By clicking “Sign up for GitHub”, you agree to our terms of service and privacy statement. We’ll occasionally send you account related emails.

Already on GitHub? Sign in to your account

[FEATURE] get_feature_names_out for sklego.preprocessing transformers. #543

Open
13 tasks done
CarloLepelaars opened this issue Oct 7, 2022 · 4 comments
Open
13 tasks done
Labels
enhancement New feature or request

Comments

@CarloLepelaars
Copy link
Contributor

CarloLepelaars commented Oct 7, 2022

get_feature_names_out is an important component for interpreting scikit-learn Pipeline objects. A get_feature_names_out call on a Pipeline only works if it is implemented for all components in the pipeline, except the last step (i.e. the Model).

Scikit-learn recently implemented get_feature_names_out for all Transformers in their 1.1 release (Source).

I think it makes sense to also implement get_feature_names_out for all scikit-lego Transformers that are not models and are not TrainOnly.

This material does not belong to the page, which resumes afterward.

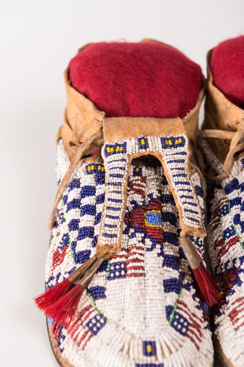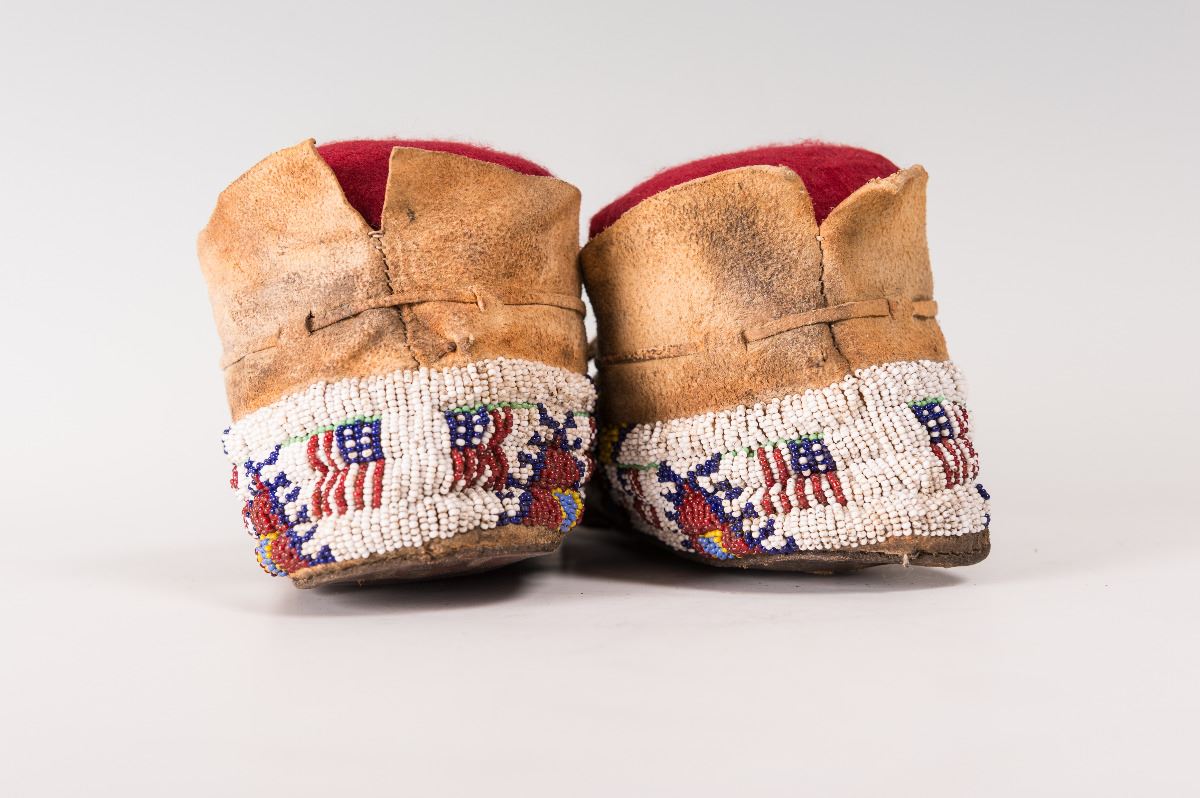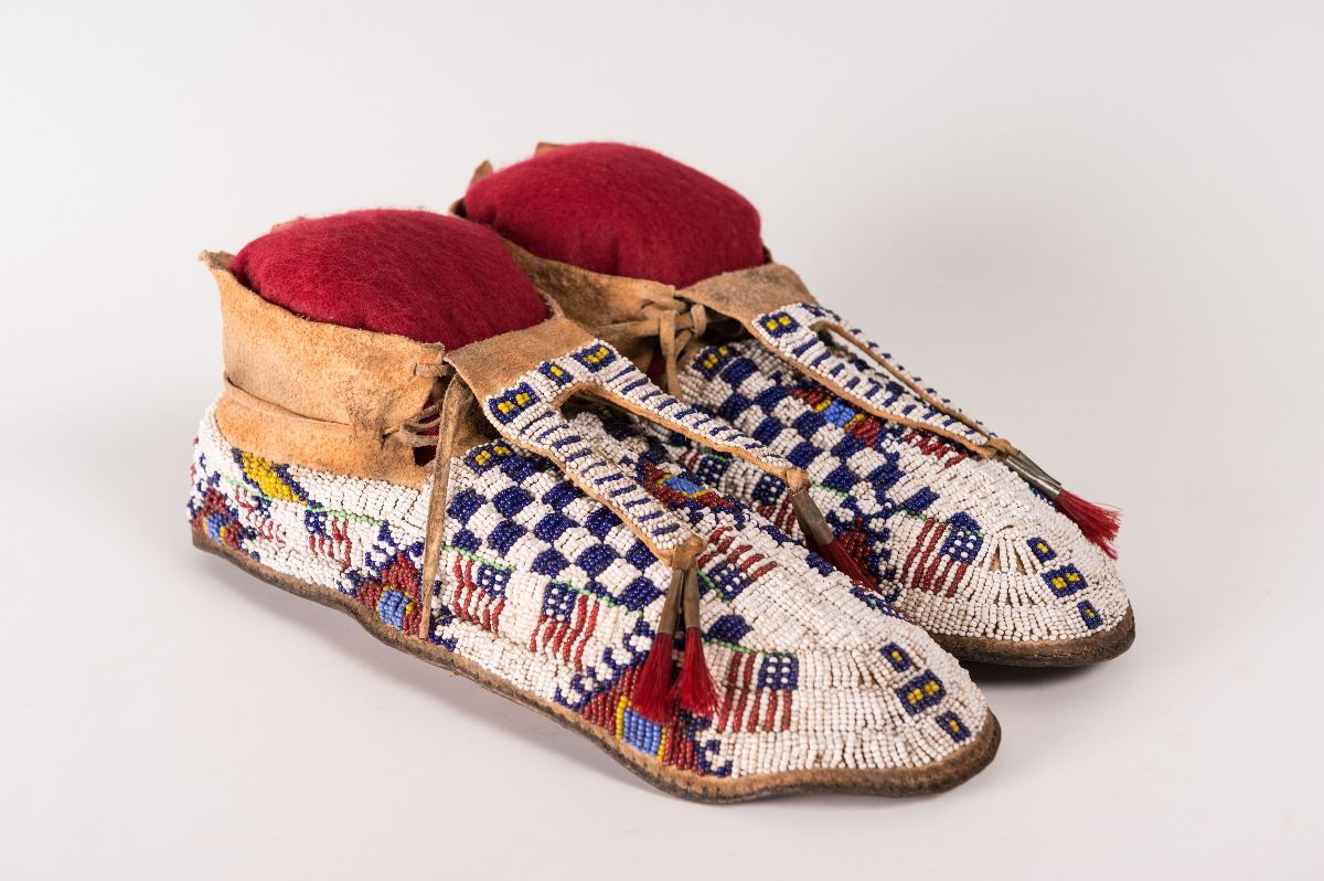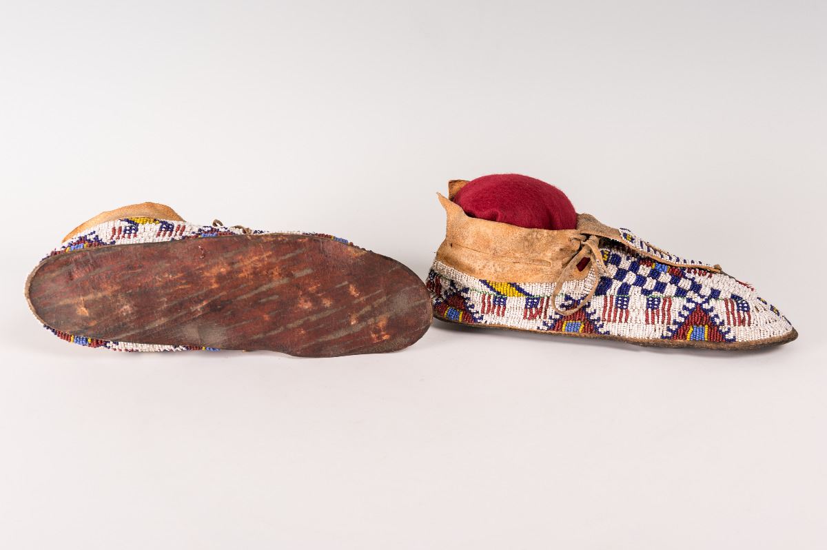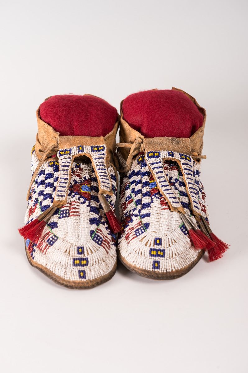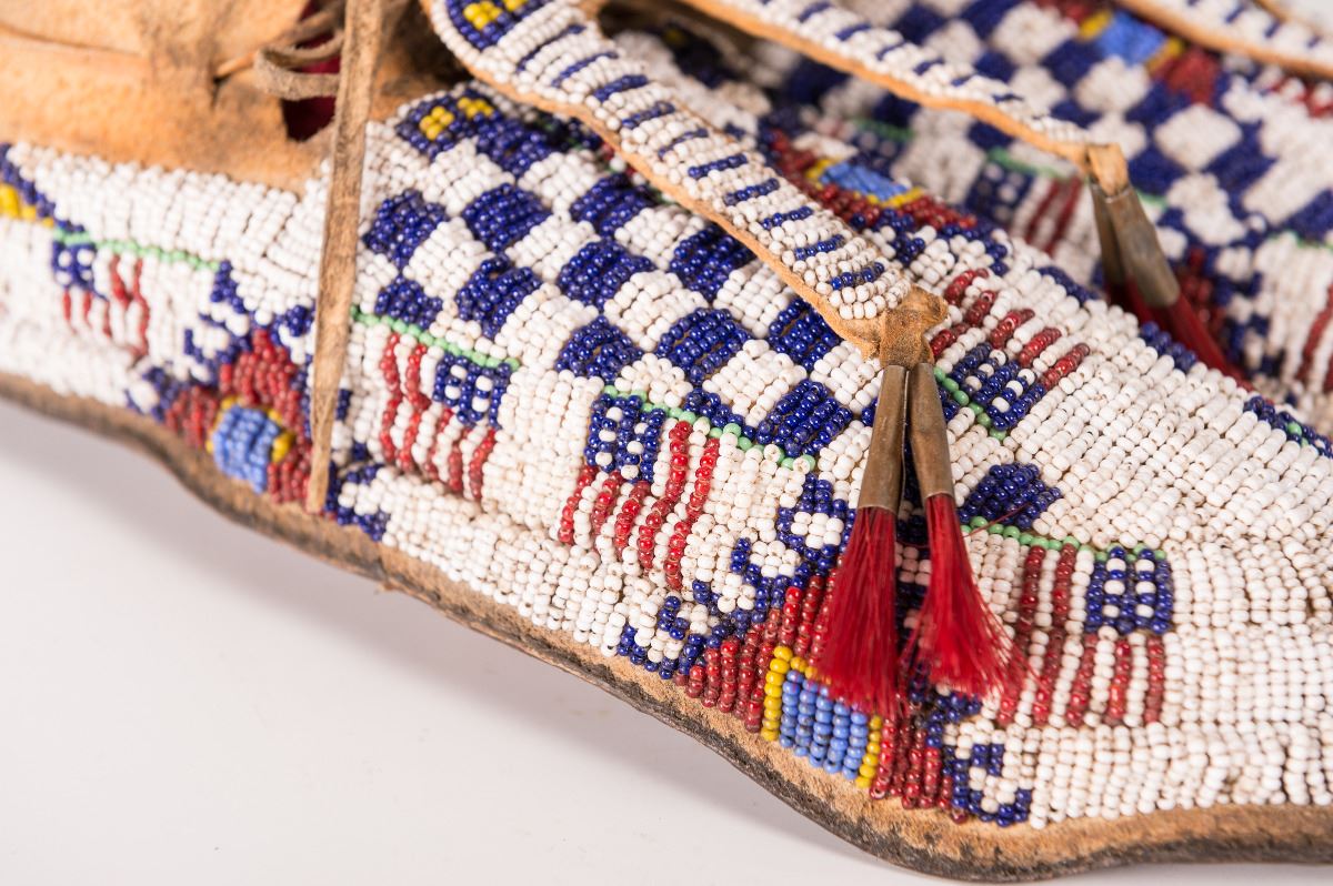 Cheyenne Fully Beaded Man's Moccasins. 11 ¾" long decorated with horsehair-stuffed tin cones on split-beaded tongues. 19th century.

This leaves most objects in sklego.preprocessing.

  • sklego.preprocessing.ColumnCapper
  • sklego.preprocessing.DictMapper
  • sklego.preprocessing.IdentityTransformer
  • sklego.preprocessing.IntervalEncoder
  • sklego.preprocessing.OutlierRemover (TrainOnly)
  • sklego.preprocessing.PandasTypeSelector
  • sklego.preprocessing.ColumnSelector
  • sklego.preprocessing.ColumnDropper
  • sklego.preprocessing.PatsyTransformer
  • sklego.preprocessing.OrthogonalTransformer
  • sklego.preprocessing.InformationFilter
  • sklego.preprocessing.RandomAdder (TrainOnly)
  • sklego.preprocessing.RepeatingBasisFunction

Additionally, it should be tested if get_feature_names_out works correctly with a Pipeline that contains transformers inheriting from TrainOnlyTransformerMixin, like RandomAdder.

@koaning and I recently discussed implementing get_feature_names_out for sklego.meta and ended up implementing this method for EstimatorTransformer (PR #539). It does not look like objects in sklego.decomposition and sklego.mixture require an implementation of get_feature_names_out, because it seems they are mostly used as the last step in a pipeline or wrapped in an EstimatorTransformer.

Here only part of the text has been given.